Despite their intuitive definition, quota methods are generally disfavored by social choice theorists as a result of apportionment paradoxes. In particular, the largest remainder methods exhibit the no-show paradox, i.e. voting for a party can cause it to lose seats. The largest remainders methods are also vulnerable to spoiler effects and can fail resource or house monotonicity, which says that increasing the number of seats in a legislature should not cause a party to lose a seat (a situation known as an Alabama paradox).

==Method==
The largest remainder method divides each party's vote total by a quota. Usually, quota is derived by dividing the number of valid votes cast, by the number of seats. The result for each party will consist of an integer part plus a fractional remainder. Each party is first allocated a number of seats equal to their integer. This will generally leave some remainder seats unallocated. To apportion these seats, the parties are then ranked on the basis of their fractional remainders, and the parties with the largest remainders are each allocated one additional seat until all seats have been allocated. This gives the method its name - largest remainder.

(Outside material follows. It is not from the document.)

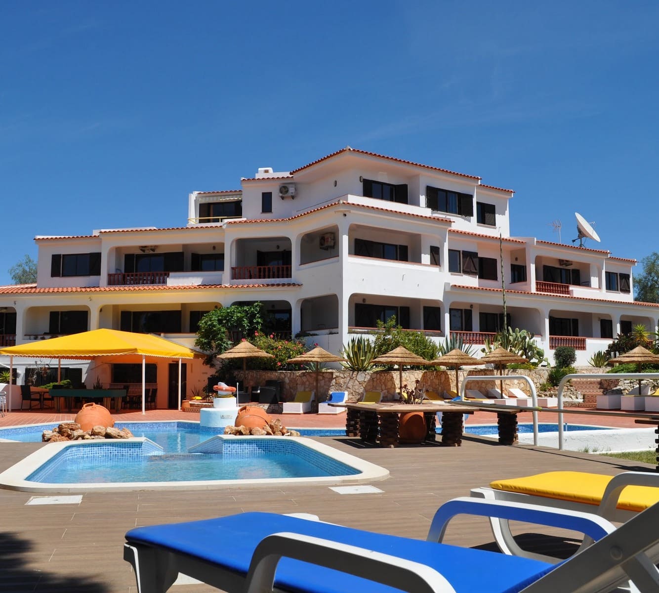 Villa Albufeira è un incantevole hotel economico situato a pochi passi dal vivace centro di Albufeira. Questo hotel offre un ottimo rapporto qualità-prezzo, con camere confortevoli, una rinfrescante piscina all’aperto e un’incantevole area giardino dove rilassarsi. Il personale cordiale è sempre pronto ad aiutarvi a pianificare il vostro soggiorno ad Albufeira, consigliandovi i migliori ristoranti, caffè e attrazioni della zona. Anche se l’hotel non si trova direttamente sulla spiaggia, è a breve distanza e potrete raggiungere facilmente le spiagge sabbiose e le acque cristalline della splendida costa di Albufeira. Villa Albufeira è la scelta ideale per i viaggiatori che desiderano esplorare la città e i suoi dintorni senza spendere troppo, ed è uno dei migliori hotel di Albufeira per i visitatori attenti al budget. Sia che stiate pianificando una fuga romantica o una vacanza in famiglia, questo hotel offre la perfetta combinazione di convenienza, comfort e comodità, assicurandovi un soggiorno memorabile in questa splendida località turistica portoghese.

Largest remainder methods produces similar results to single transferable vote or the quota Borda system, where voters organize themselves into solid coalitions. The single transferable vote or the quota Borda system behave like the largest-remainders method when voters all behave like strict partisans (i.e. only mark preferences for candidates of one party).

==Quotas==

There are several possible choices for the electoral quota. The choice of quota affects the properties of the corresponding largest remainder method, and particularly the seat bias. Smaller quotas allow small parties to pick up seats, while larger quotas leave behind more votes. A somewhat counterintuitive result of this is that a larger quota will always be more favorable to smaller parties. A party hoping to win multiple seats sees fewer votes captured by a single popular candidate when the quota is small.

The two most common quotas are the Hare quota and the Droop quota. The use of a particular quota with one of the largest remainder methods is often abbreviated as "LR-[quota name]", such as "LR-Droop".

The Hare (or simple) quota is defined as follows:

 $\frac{\text{total votes}}{\text{total seats}}$

LR-Hare is sometimes called Hamilton's method, named after Alexander Hamilton, who devised the method in 1792.

The Droop quota is given by:

 $\frac{\text{total votes}}{\text{total seats}+1}$

and is applied to elections in South Africa.

The Hare quota is more generous to less-popular parties and the Droop quota to more-popular parties. Specifically, the Hare quota is unbiased in the number of seats it hands out, and so is more proportional than the Droop quota (which tends to give more seats to larger parties). The Hare suffers the disproportionality that it sometimes allocates a minority of seats to a party with more than half the votes in a district and sometimes allocates a majority of seats to a party with less than a majority of votes

==Examples==
The following example allocates 11 seats using the largest-remainder method by Hare quota.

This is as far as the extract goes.